Minister for Justice Dermot Ahern said it was not for him to direct Cab in relation to banking investigations. This was a matter for Garda Commissioner Fachtna Murphy and director of corporate enforcement Paul Appleby.

Mr Feeney told delegates that morale within An Garda Síochána was low and that the jobs of Garda members were “grinding to a halt”. Members had suffered an income levy, pensions levy, a 25 per cent cut in allowances and subsistence payments and an embargo on recruitment, appointments and promotions. At the same time “overtime is practically gone”, he said.

The service to the public would suffer most.

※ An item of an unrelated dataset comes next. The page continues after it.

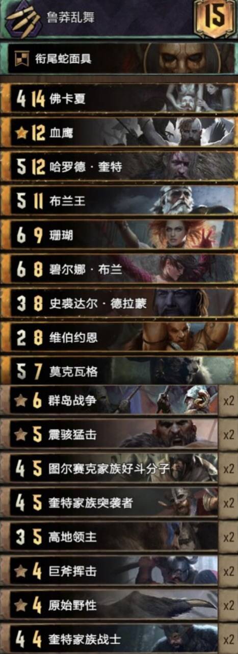 战术是面具,领袖是鲁莽乱武,这套加入了弃牌体系,加上血鹰,不怕鬼抽,4p的奎特战士不亏点,还可以弃掉,配合群岛战争,最少打7简直离谱,佛卡夏可以拉领主,还可以拉德拉蒙,都不亏,我试了暴打帝国,矮人,和涎魔,解个精光,自己还有硬点数,伤害溢出还有布兰王,现版本一哥,真正的奎特岛来了。

“Ask any sergeant or inspector in the country and they will be able to tell you of reduced personnel to send to house calls, or to detail for traffic duty, or to allocate to a community policing unit. Worse still is the lack of personnel to staff the public order units at weekends to deal with the street rows after the pubs and discos close.”

The freeze in Garda recruitment would bring Ireland into “very dangerous waters indeed”, given the rise in gangland crime and the drugs trade, resulting in numerous gangland murders.

Mr Feeney criticised the handling by the Garda Síochána Ombudsman Commission (GSOC) of complaints against gardaí policing a Shell to Sea protest in Co Mayo in June 2007. He said while only 18 members of the force were at the scene of the disturbance being investigated, some 68 members – most of whom were making their way to the area or had been stood down when the disturbance took place – were served with notices of the 12 complaints lodged with GSOC.

A spokesman for GSOC said those gardaí contacted were written to as “potential witnesses”. He said most members had only a brief involvement with the GSOC investigation and were cleared of any wrongdoing. GSOC had at all times taken a “fair, proportionate and professional approach”.